We briefly said in a headline that the investigation into the disappearance of Madeleine McCann “hones in on suspect”. This phrase was originally a mishearing of “homes in on”, confusing it with “hone”, meaning to sharpen or refine. It refers to a missile homing in on its target, whereas hone, from Old English for stone, refers to sharpening the blade of a knife or sword.

This kind of phrase was named an “eggcorn” by Geoffrey Pullum, a linguist, in 2003, after that mishearing of “acorn”. Many of them are quite logical, such as “wipe board” for “whiteboard”, or “card shark” for “card sharp”. So much so that some of them have become the preferred usage, such as “duct tape”, which was originally “duck tape”, made from duck cloth (from Dutch doek, canvas), but which makes more sense to people as heavy duty tape for sealing heating ducts.

The “hone” form of “home in on” accounted for one in six uses in the British press over the past year, so it is common but not yet standard. While accepting that language changes and that some eggcorns become accepted usage, we should avoid it for as long as a lot of readers think it is wrong.

Showing off: In a comment article we said that the lockdown guidelines in Australia “were flaunted from the outset”. We meant “flouted”. Flaunt means show off; flout means disregard with attitude. There is an overlap in meaning, which accounts for the confusion, but the words are different. Thanks to John Schluter for pointing that out.

Who let them out? John also drew my attention to the first paragraph of a comment article in which we said Donald Trump had “sicced the US military on his own citizens”. I wrote last week about how Americanisms liven up British English, and the sense here is just about discernible, but I think “sicced” is a slang phrase too far. The internet tells me it means “set (a dog) on”, with variant spellings. “Set” would have been fine.

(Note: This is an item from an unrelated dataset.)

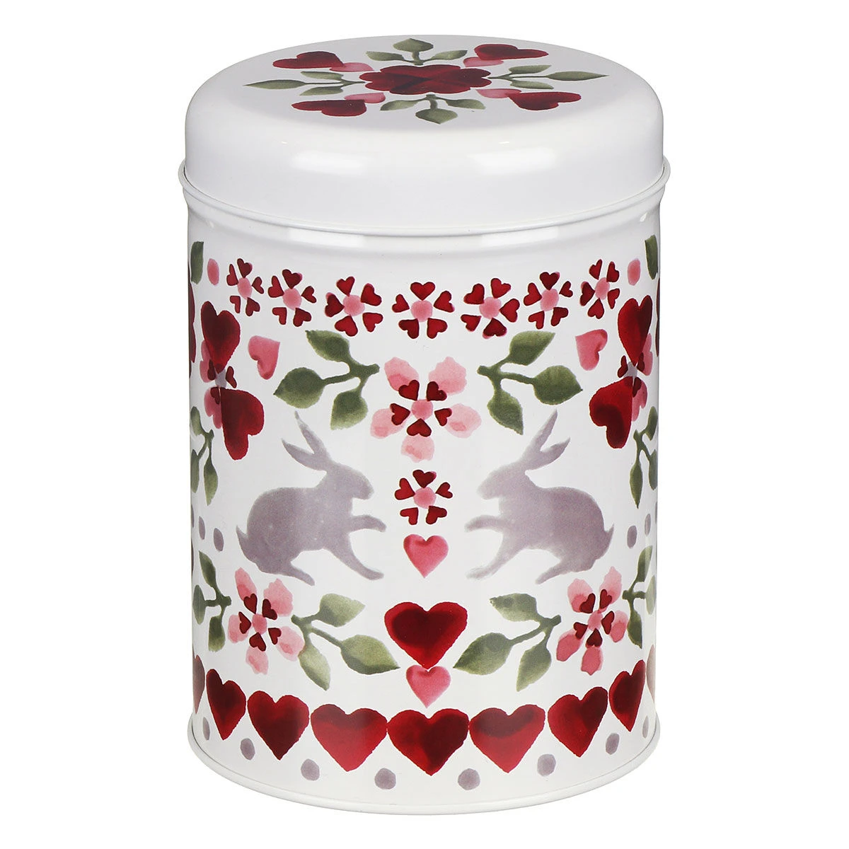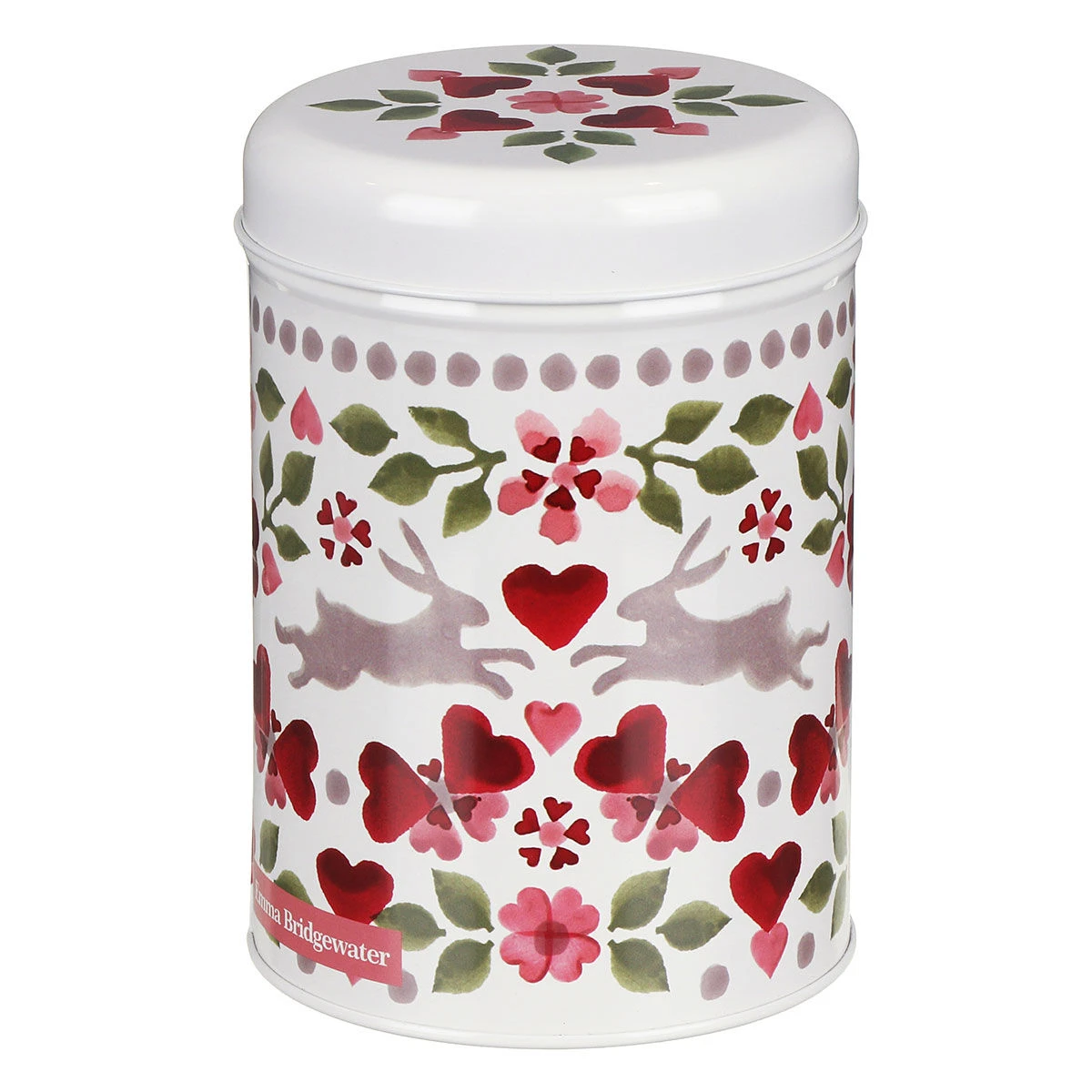 Each round caddy is adorned with a beautiful design featuring hues of grey, red and green. The stunning designs showcased throughout the piece feature the magnificent Lovebirds sponge printed design. Two of the tins feature pairs of hares and the third a pair of birds, they sit surrounded by a flower motif in pink and green, along with a scattering of hearts. The simple pink and red floral motif is accentuated by butterflies and green foliage which tie in with the design. The tins are a soft cream in colour, creating a wonderful base for the design.

Ongoing campaign: We put this headline on a thoughtful article by Hamish McRae, our economics commentator: “The ongoing US protests will affect the world in more ways than you might think.” The word “ongoing” adds nothing, and did not appear in the article itself. We would need to specify which protests only if the article was about the Boston Tea Party or the march on the Selma bridge.

Senior moment: In the “home news in brief” section of the Daily Edition, we had this headline: “OAP dies after rocks thrown as he ‘confronted poachers’.” Fiona Glass rightly objected to the use of an abbreviation (for “old age pensioner”), not only because it is ugly, or because it must baffle our North American readers, who would call him a “senior”, but because it is rather impersonal. We could just have described 66-year-old Charles Hilder as a “man”.